The writer has a chutspa (commendable only in English, despicable in Yiddish) to take the facts of the Holocaust, which are in almost every case much better studied as they are, and twist them into "drama" and "cinema", artistic license or no. To what end? The movie is neither educational nor factual -- indeed, it will doubtless eventually contribute to the efforts of deniers by muddling certain facts, but presenting them all in vintage "You Were There" style. Tim Blake Nelson may feel that he has raised important ethical questions, but I am loathe to extrapolate everyday morals from the unique circumstances of the gas chamber anteroom.
Nor do I buy it as art -- if it's the author's attempt to approach the sublime or profound, he does it only through wrongheaded simplification and unintentional profanation. He lifts the title of the chapter covering the Sonderkommando in Levi's "The Drowned and the Saved" in order to moralize upon the very happenings that Levi himself is loathe to judge! He very generously provides us with a movie of the gassings and cremations, since none exists -- but Claude Lanzmann's approach is infinitely more intelligent, sensitive, and compassionate. See http://www.egs.edu/faculty/lanzmann/lanzmann-sobibor-2002.html on why Lanzmann never uses archival footage, and photographs only rarely, in his documentary work.

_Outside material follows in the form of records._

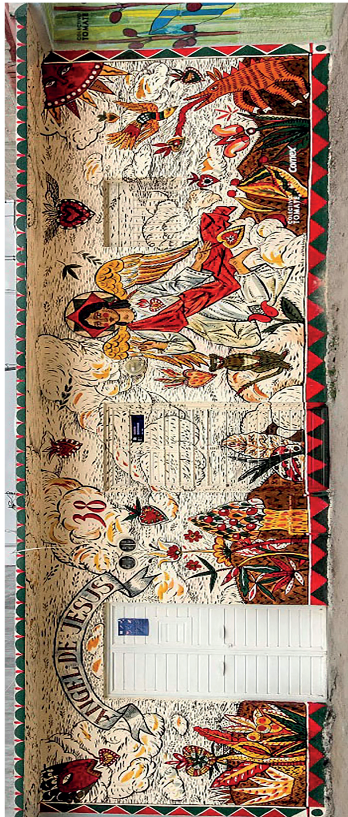
Imagen 2. Mural pintado en el barrio de San Ramón, en el marco del proyecto Ciudades Murales llevado a cabo del 22 de septiembre al 9 de octubre de 2018

Creadora: Yulia Akh, "Ángel de Jesús", acrílico sobre muro, 2018.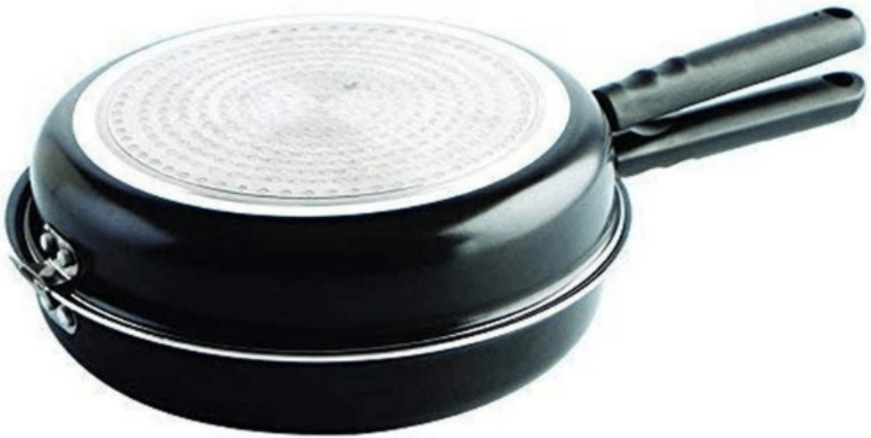
MGE – Omelette-Pfanne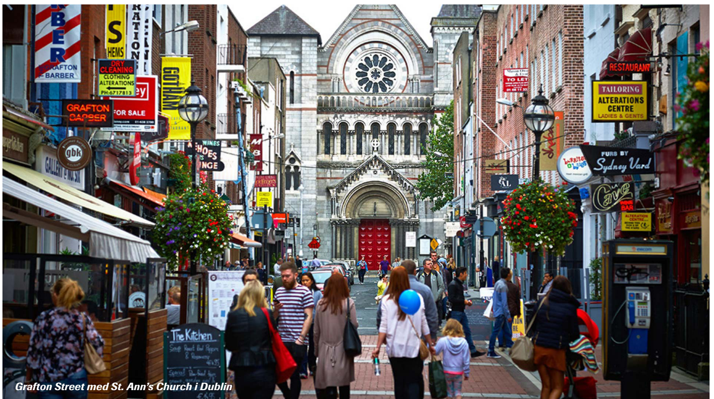
Grafton Street med St. Ann's Church i Dublin

info@deo.dk ■ tlf. 70 26 36 66 ■ www.deo.dk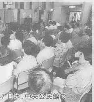
7月7日水、中央公民館で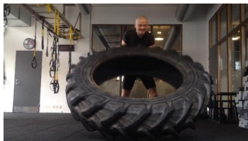
Tu Vô Vi điển quang, luyện tinh khí thần

Tu thiên sẽ giải, được nghiệp duyên Thanh điển Trời ban, giúp mình hiền Vượt qua các cõi, nhờ tự thức Gỡ mỗi tơ lòng, đã thắt sâu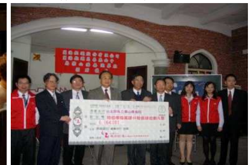
◆致贈樂山募得款項 604 萬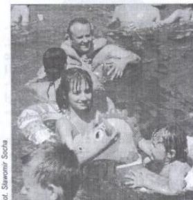
Nie ma to jak basen!

Miejski Ośrodek Kultury dopiero przymierza się do organizacji letniego wypoczynku. Akcja LATO 2002, pod hasłem „LATO ZE SZTUKĄ” rozpocznie się 19 sierpnia. Organizatorzy przewidzieli w programie: warsztaty teatralne (m.in. zabawy integracyjne, inscenizacje bajek), warsztaty wokalo-muzyczne (nauka piosenek, zabawy rytmiczne, oprawa muzyczna do spektakli), warsztaty plastyczne (budowa scenografii, wykonywanie lalek i kostiumów teatralnych) oraz biwak teatralny w Rekreacyjnym Klubie Nieprzetartego Szlaku w Skrzynicach. Zgłoszenia uczestników przyjmowane będą w dniach 1-8 sierpnia.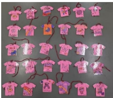
図2 ピンクシャツキーホルダー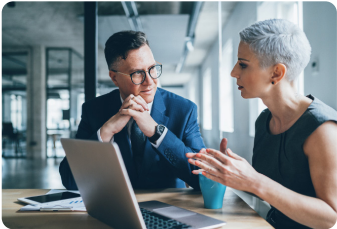
Strategieausarbeitung Cloud Software

TEXT: MAX MUSTERMANN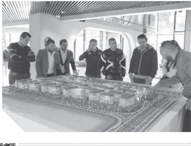
لمزيد من الأخبار والتقارير الصورة

I thought Spielberg had plumbed the depths of "Shoah-business" with the gas chamber scene in "Schindler's List", in which he whets the audience's appetite and then disappoints it by running actual water through the shower heads instead of cyanide. But "The Grey Zone" is not merely the obscene imaginings of a bored bourgeois, it is Nelson's Xbox/Playstation II reworking of the annihilation of European Jewry, it is the very destruction of the Holocaust as a unique historical event!
I remain indifferent to Arquette's performance, but Harvey Keitel, in channeling the low Dutch comic accent of Weber and Fields for his portrayal of Muhsfeldt, does an outstanding job of distilling the thoughtlessness that drives this film.